もちろんご家庭によって家の造りが異なるため、同じプランを利用しても同じ価格になることはないですが、現地調査の際に気に入ったプランの写真を見せながら話ができると、こちらの要望をより的確に伝えることができるのです。
現地調査中のチェックしたい3つのポイント
それでは最後に、実際に現地調査をしてもらう中で見ておくべきポイントを確認しておきましょう。
- スタッフの対応
- 業者ごとのセールスポイント
- 建材の種類
具体的には、これらのことに注目して現地調査を進めていきましょう。
スタッフの対応
これは、直接話をする中で、または現地調査のふるまいなどを見る中で、どのようなスタッフなのかを確認するという意味を指します。
そのスタッフの態度やマナーなどを見ることによって、その業者の方針やサービスレベルなどの業者の質がわかることもあるからです。
もちろん一スタッフを見るだけで判断などできないという意見もあると思いますが、そのスタッフも業者の代表として現地調査に来ているということを理解しているため、それ相応の対応をとるはずです。
対応を見て微妙だと判断した場合は、その業者の利用を控えてもよいですし、逆にスタッフの対応で選ぶ業者を決めるというのも方法の1つです。
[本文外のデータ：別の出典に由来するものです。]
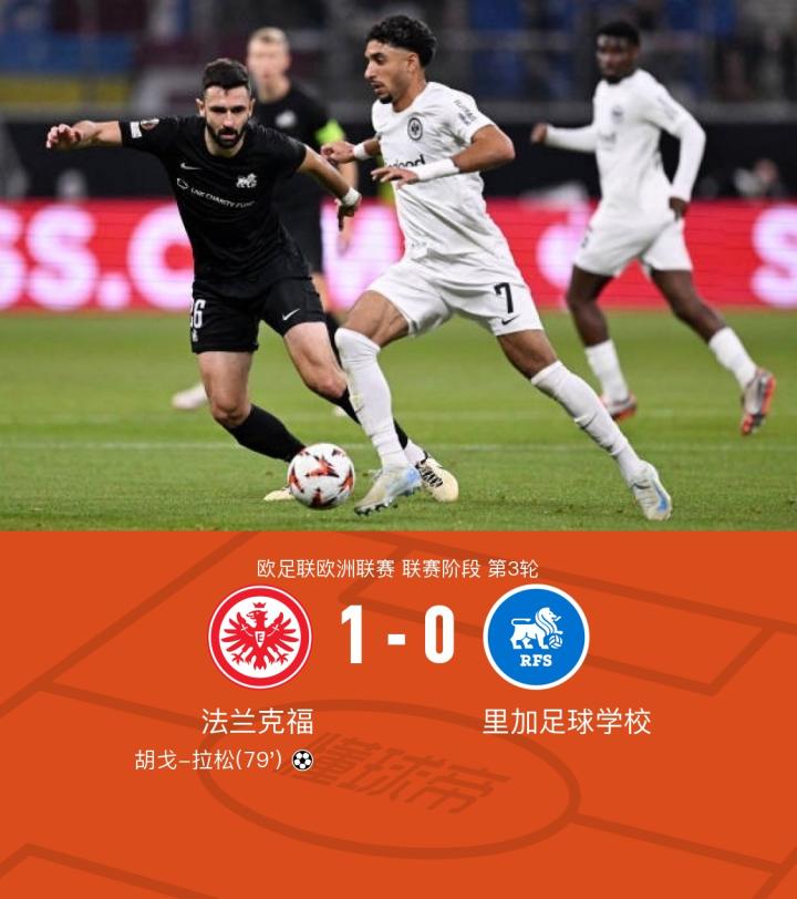 在欧足联欧洲联赛的较量中,法兰克福迎战里加足球学校。比赛中,法兰克福的马尔穆什送出精彩助攻,胡戈-拉松抓住机会,成功将球送入对方球门。凭借这一进球,法兰克福以1-0战胜对手,取得了比赛的胜利。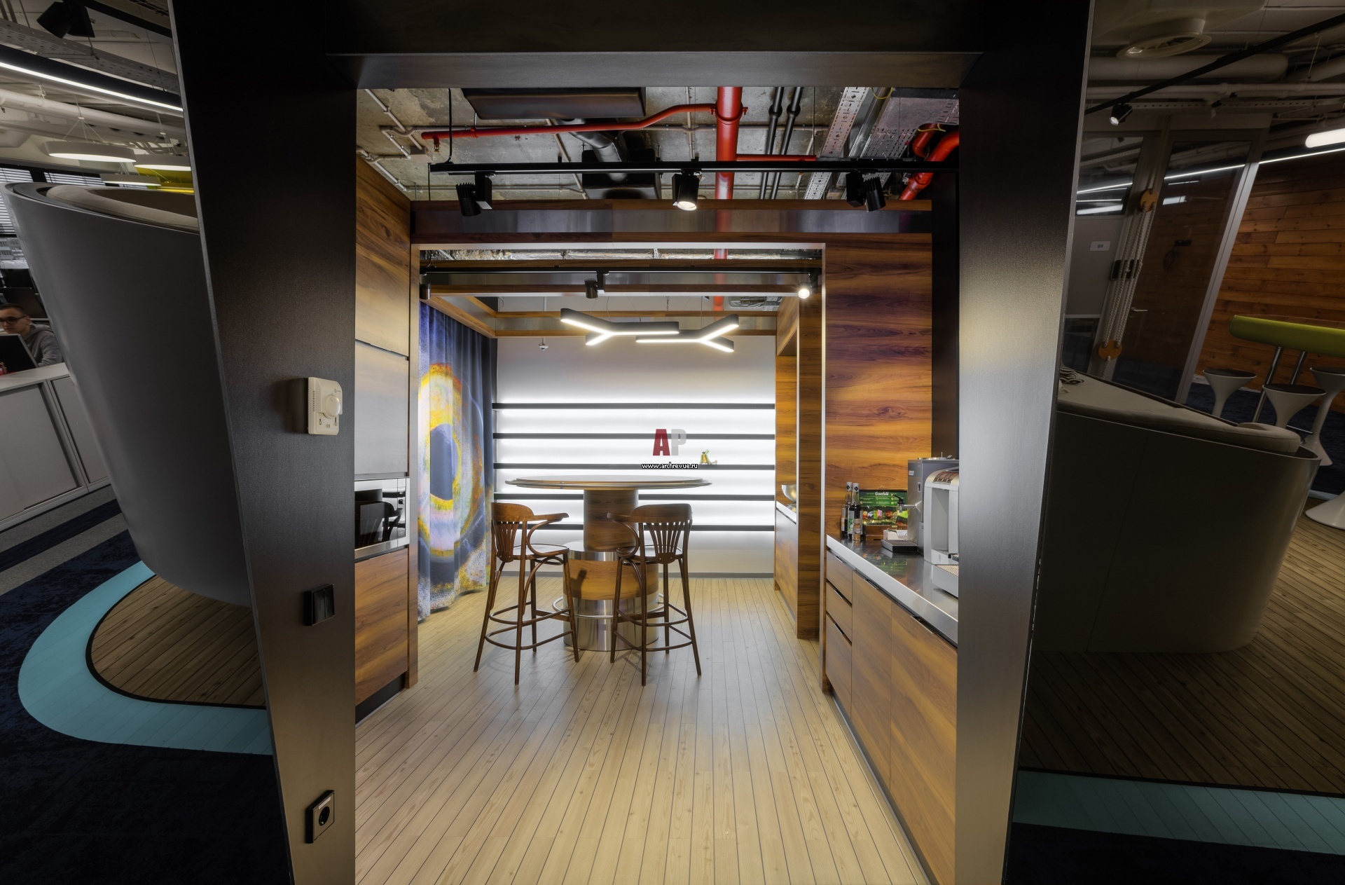 Зона кофе-поинта. Стены зашиты деревом и напоминают отделку трюма корабля.

現地調査には、それぞれの業者の見積もり価格を比較できるだけではなく、業者のスタッフと触れ合って業者のことを知ることができるというメリットもあるのです。
業者ごとのセールスポイント
例えば、同じキッチンのリフォームであっても、業者によって価格が変わることは少なくありません。
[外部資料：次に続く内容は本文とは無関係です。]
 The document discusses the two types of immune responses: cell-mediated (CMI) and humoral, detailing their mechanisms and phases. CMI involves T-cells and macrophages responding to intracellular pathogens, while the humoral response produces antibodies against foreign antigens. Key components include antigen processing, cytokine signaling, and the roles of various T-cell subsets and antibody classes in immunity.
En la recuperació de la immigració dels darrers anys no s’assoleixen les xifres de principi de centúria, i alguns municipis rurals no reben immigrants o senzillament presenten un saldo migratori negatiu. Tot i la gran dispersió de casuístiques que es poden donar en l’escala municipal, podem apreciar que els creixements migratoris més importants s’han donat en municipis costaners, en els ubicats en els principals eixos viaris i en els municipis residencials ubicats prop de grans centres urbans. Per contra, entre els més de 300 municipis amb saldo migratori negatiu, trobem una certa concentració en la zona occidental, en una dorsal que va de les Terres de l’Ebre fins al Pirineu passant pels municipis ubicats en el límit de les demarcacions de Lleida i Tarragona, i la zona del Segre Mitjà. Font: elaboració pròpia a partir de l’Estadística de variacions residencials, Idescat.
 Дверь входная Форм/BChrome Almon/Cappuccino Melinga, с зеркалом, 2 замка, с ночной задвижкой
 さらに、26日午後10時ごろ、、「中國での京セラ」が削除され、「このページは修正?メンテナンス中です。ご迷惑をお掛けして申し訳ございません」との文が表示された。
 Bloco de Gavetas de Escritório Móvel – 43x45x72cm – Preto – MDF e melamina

例えば、どこかの特定のメーカーの製品であれば安く仕入れられるから、トータルのリフォーム代金が大幅に安くなるというようなこともありますし、逆に希望するプランの取り扱いがないため、仕入れ値が高くなるということもあり得ます。
また、業者によってリフォーム後のアフターサービスに力を入れているところもあるため、リフォーム代金だけではなく業者ごとのセールスポイントを比較し、より良い業者を選ぶ基準としましょう。
建材の種類
全く同じ形のプランを採用したとしても、そのプランに利用する建材によってリフォーム価格が大きく変わることがあります。
例えば、すでにこのようなプランにしたいという具体的な例がある場合は、利用する建材の違いによって、どれくらいの価格差が生まれるのかということを確認しておきたいものです。
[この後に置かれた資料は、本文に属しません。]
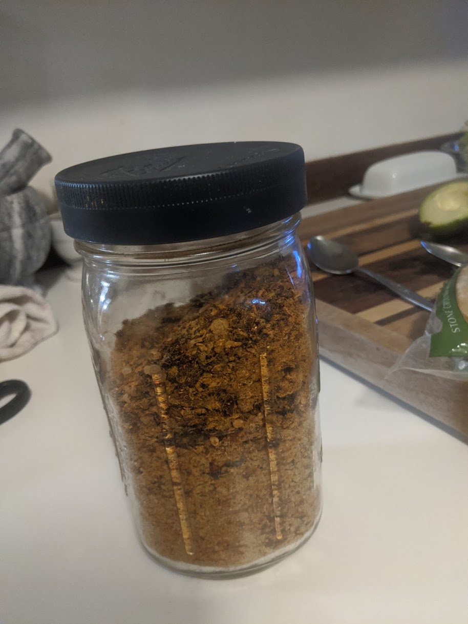 The tostadas were pretty good, but there are a few changes I would make next time. First, I would use more butter in the wok and totally thaw the Awesome Grounds. When I bought the Awesome Grounds at the market the product was in the cooler but not frozen. I put the product in the freezer because I knew I wasn't ging to use it the day I went to the market and I didn't know if it was the kind of thing that spoils quickly if not used right away. I have frozen other Sweet Earth products without compromising the product. It was the same with this product. I'd use it thawed next time, however, for the purposes of browning. When the moisture started to come out of the product as it melted in the wok, it mixed with the butter and the grounds never really got crispies like I wanted them to. I think this is an issue of chemistry and water distribution in the product. When I have used similar products in the past I have found that the thawed products gets crispies more readily. I also think using twice the amount of butter would help with the browning process as well. The other thing I'd change is I'd not use the BBQ rub I made for this recipe. In stead I would break out the all the different chillis and spices and salt and alter the balance of ingredients.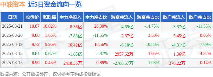 8月21日的资金流向数据方面,主力资金净流入8.36亿元,占总成交额26.3%,游资资金净流出4.69亿元,占总成交额14.75%,散户资金净流出3.67亿元,占总成交额11.55%。
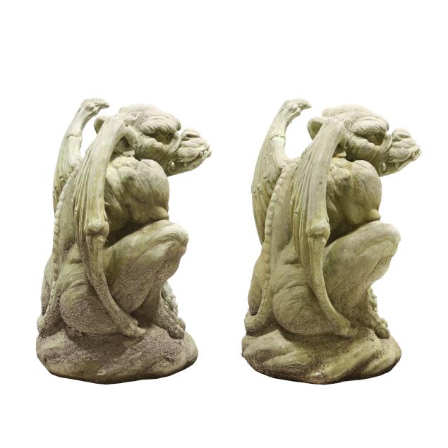 Pair of Cast Stone Gargoyle Statues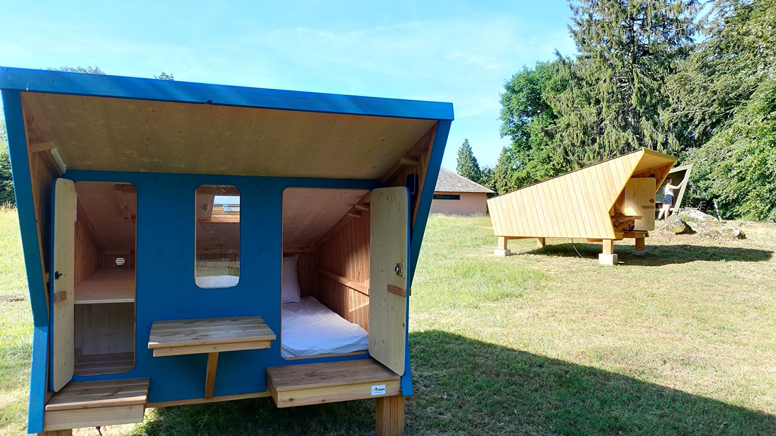Nos Cabanes sont composées d'une partie chambre avec lit de 140 x 190 cm et accès par 2 portes battantes et lucarne et d'une partie jour avec 2 sièges et une table abritée sous auvent, des rangements avec loquets. Des éclairages sont présents dans les deux parties et une prise de courant.

また、外壁塗装などの場合は、高い塗料の方が耐用年数が長くなったりすることも多いため、高い塗料を利用することでリフォームの間隔を長くすることができます。
このように、長い目で見ると高い素材の方が安くなるということも起こり得るのです。
様々な素材があるため、それぞれの素材を比較し、どうするのが最もコストパフォーマンスが良いのかを見極めましょう。
まとめ
現地調査は、正確なリフォームの見積もりを出してもらうためには欠かせない工程になります。
業者は現地調査で、採寸や写真撮影、それから建物の様々な設備を確認することになりますが、同時に施主に対してもどのようなリフォームにしたいのかというヒアリングを行います。
リフォームを納得できるものにするためには、事前にリフォームに対する様々な情報を集めておき、また現地調査でのスタッフとの話し合いで感じ取ったことも参考にして、最終的に利用する業者を選ぶことをおすすめいたします。
逆に、 何の準備もせずにリフォームをお願いしてしまうと後悔する可能性もあるため、現地調査の段階からリフォームとしっかり向き合うようにしましょう。